To reduce the risk of data harm and exposure to scams, hacks, fraud, data breaches and spearfishing, Rightly has launched a simple and free tool. It enables individuals to ask data brokers what information they hold on them and then helps them to delete this information. The new tool can be found HERE.

Contact pr@rightly.co.uk to request to read the full Rightly report on data misuse.


Research Methodology

This research used the digital footprint of Rightly’s CEO James Walker as a microcosm. James’ online behaviour can be best characterised as careful and informed about how the industry works. He shops online, has different passwords and is relatively cautious. He never frequents competition sites, for example, and tries to reject cookies where possible - although like many of us occasionally accepts them for ease.

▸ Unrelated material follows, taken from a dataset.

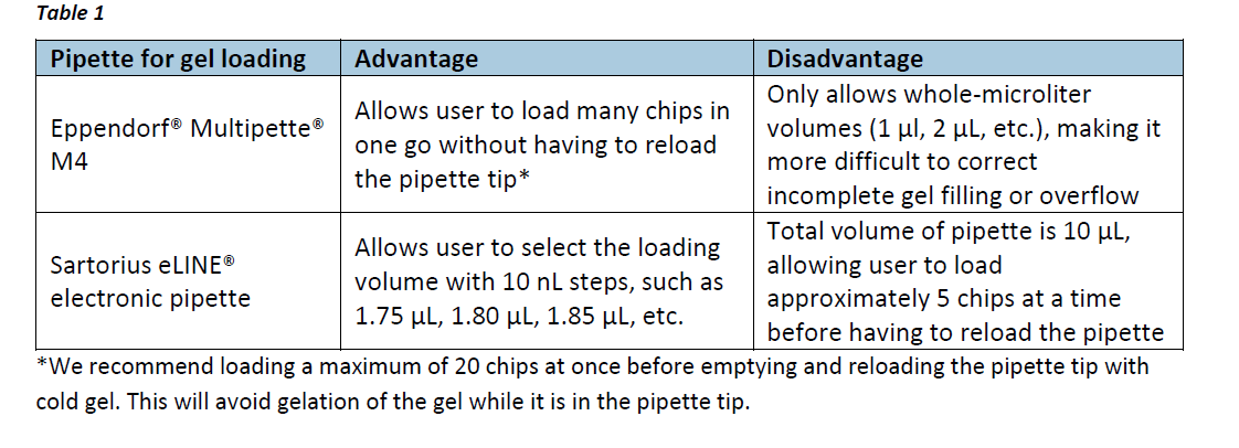 c. Start by loading 2 μL gel per gel inlet

The research began by scanning James’ inbox for company names, in order to identify companies that were sending him marketing information. This produced a list of companies that had his personal data. Although it should be acknowledged that they may have held different amounts. Using this list and his ‘right of access’ under GDPR, he sent subject access requests to every company, asking:

  • What data they had of his in their possession
  • Who they had shared his data with

James’ use of his GDPR rights meant that companies had to reply to both of his questions within one calendar month. When these replies were received, James repeated this process, asking the connected companies what they had collected or bought of his personal data and who they had shared it with. The report also supplemented this with the examination of each company’s privacy policy.